Problem statement: Only one stretch of the records below should be repeated. It starts with the line containing "Thanks, but those" and goes on through the line containing "武汉专业纹身店打造的大臂翅膀纹身作品", exactly as written.

Provided material:
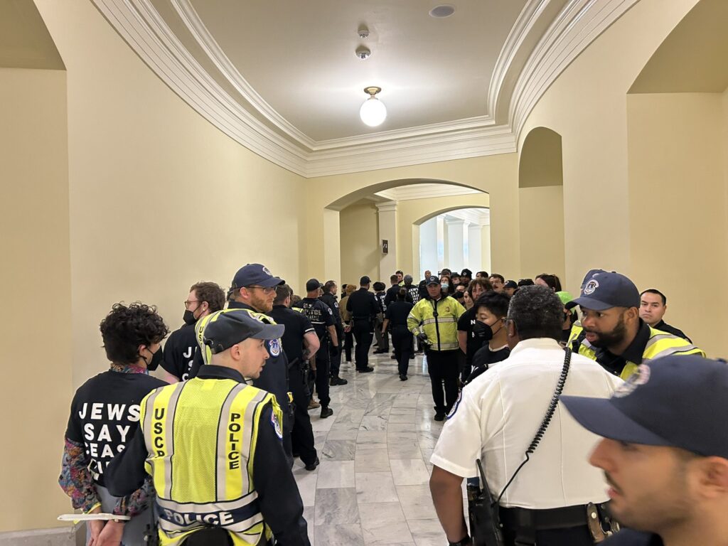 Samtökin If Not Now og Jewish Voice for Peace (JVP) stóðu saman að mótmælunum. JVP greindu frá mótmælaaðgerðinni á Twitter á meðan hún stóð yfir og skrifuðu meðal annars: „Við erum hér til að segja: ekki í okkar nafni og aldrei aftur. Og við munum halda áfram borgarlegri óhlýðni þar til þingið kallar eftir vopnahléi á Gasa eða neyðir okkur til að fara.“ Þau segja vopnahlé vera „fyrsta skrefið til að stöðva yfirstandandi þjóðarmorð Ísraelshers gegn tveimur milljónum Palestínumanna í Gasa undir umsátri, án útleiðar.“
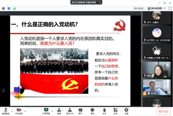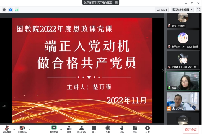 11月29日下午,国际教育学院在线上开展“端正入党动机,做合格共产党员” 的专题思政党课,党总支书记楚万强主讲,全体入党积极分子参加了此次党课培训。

* * *

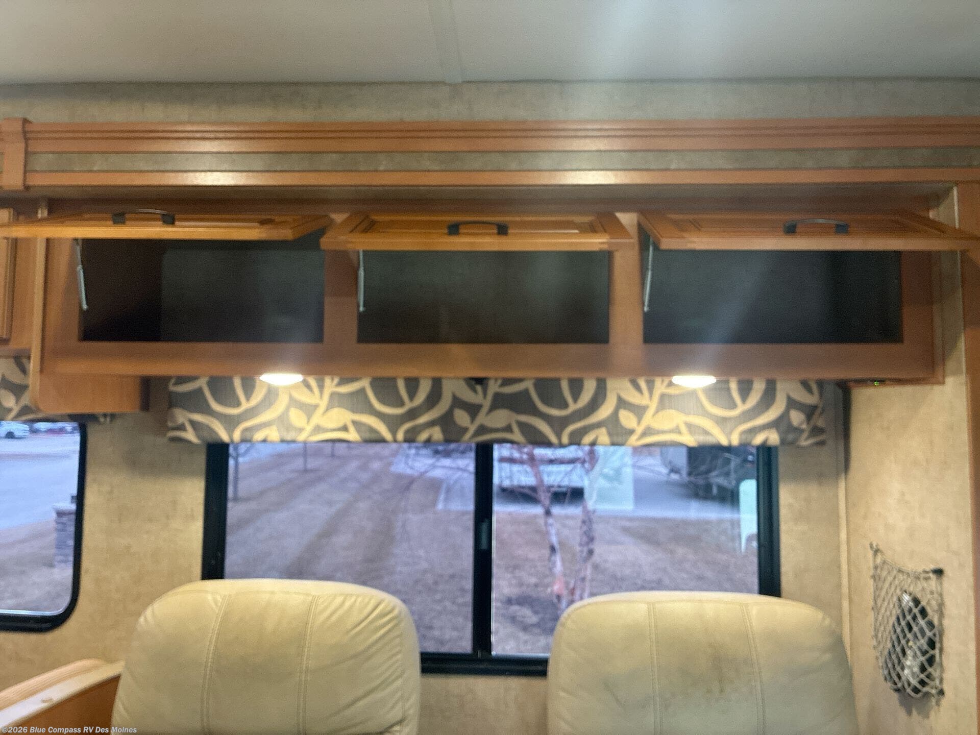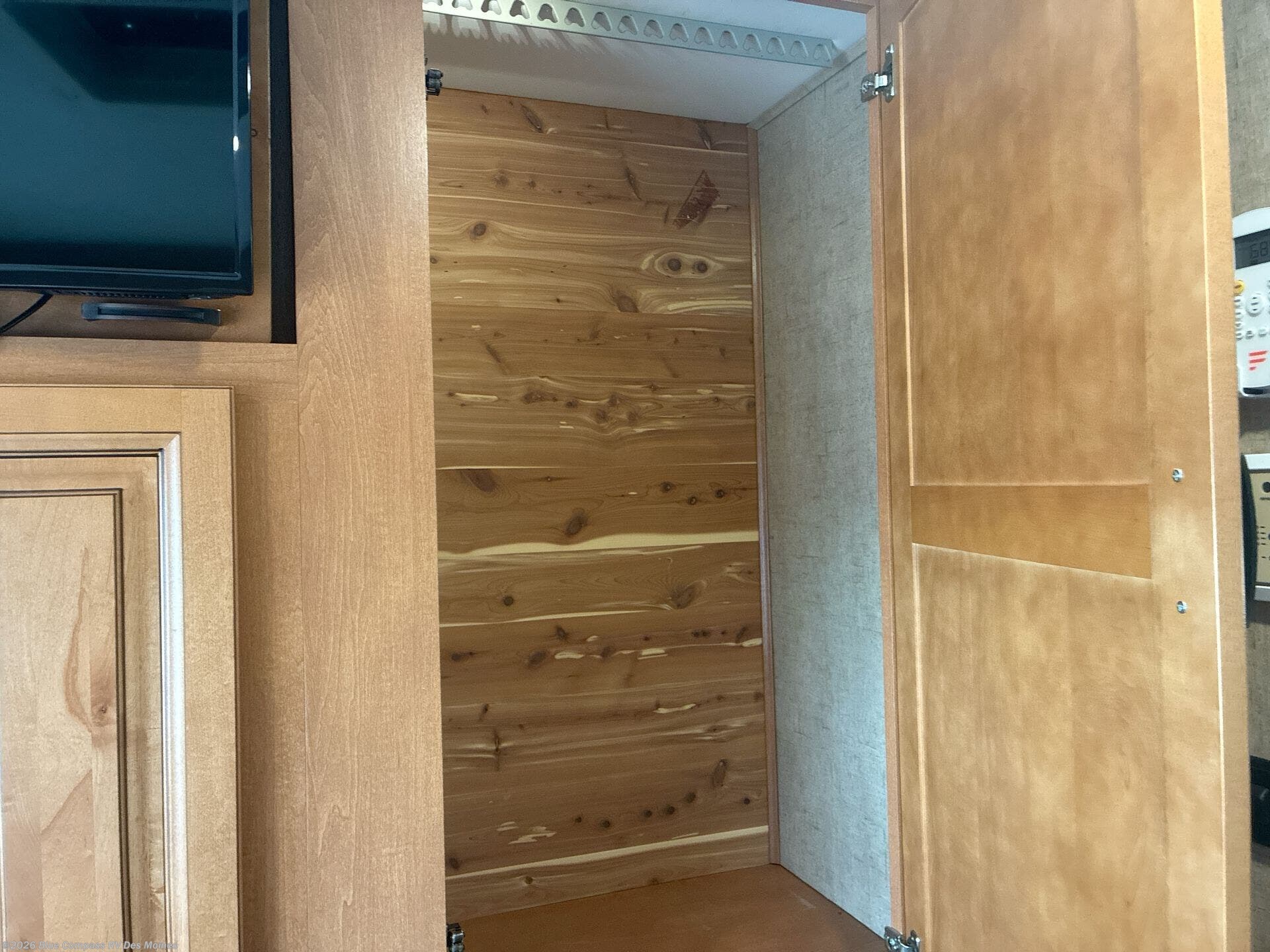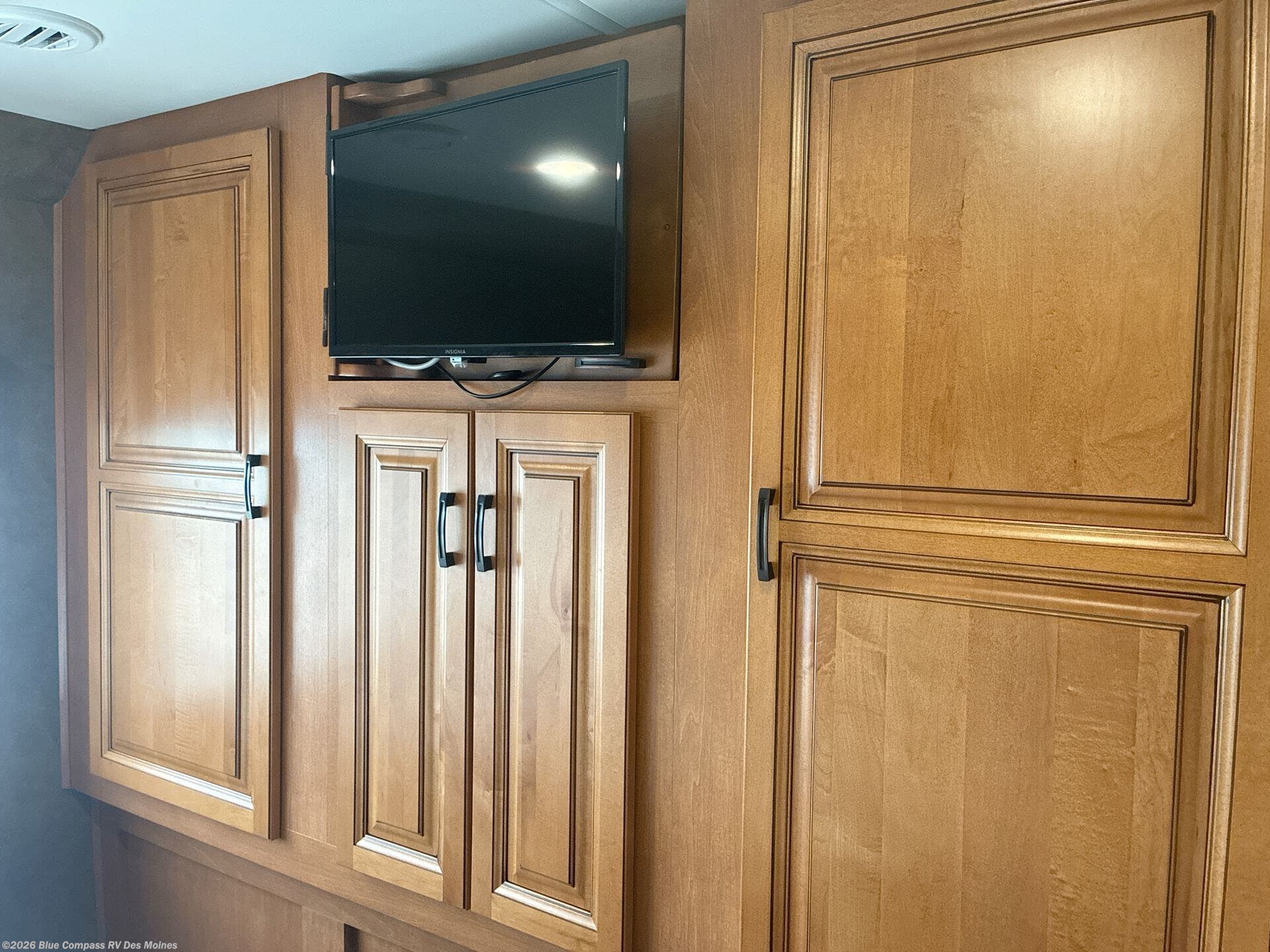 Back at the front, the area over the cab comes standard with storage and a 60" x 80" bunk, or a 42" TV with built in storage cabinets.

--

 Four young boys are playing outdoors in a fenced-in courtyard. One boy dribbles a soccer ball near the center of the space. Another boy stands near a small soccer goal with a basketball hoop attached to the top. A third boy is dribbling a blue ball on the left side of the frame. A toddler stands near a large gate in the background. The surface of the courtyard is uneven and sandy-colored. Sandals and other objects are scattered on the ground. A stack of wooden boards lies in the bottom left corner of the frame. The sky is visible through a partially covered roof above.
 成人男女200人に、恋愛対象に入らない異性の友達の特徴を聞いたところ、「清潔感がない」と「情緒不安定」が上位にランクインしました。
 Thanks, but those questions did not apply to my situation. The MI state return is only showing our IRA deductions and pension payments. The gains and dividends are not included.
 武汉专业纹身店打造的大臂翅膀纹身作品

Result below:
 Thanks, but those questions did not apply to my situation. The MI state return is only showing our IRA deductions and pension payments. The gains and dividends are not included.
 武汉专业纹身店打造的大臂翅膀纹身作品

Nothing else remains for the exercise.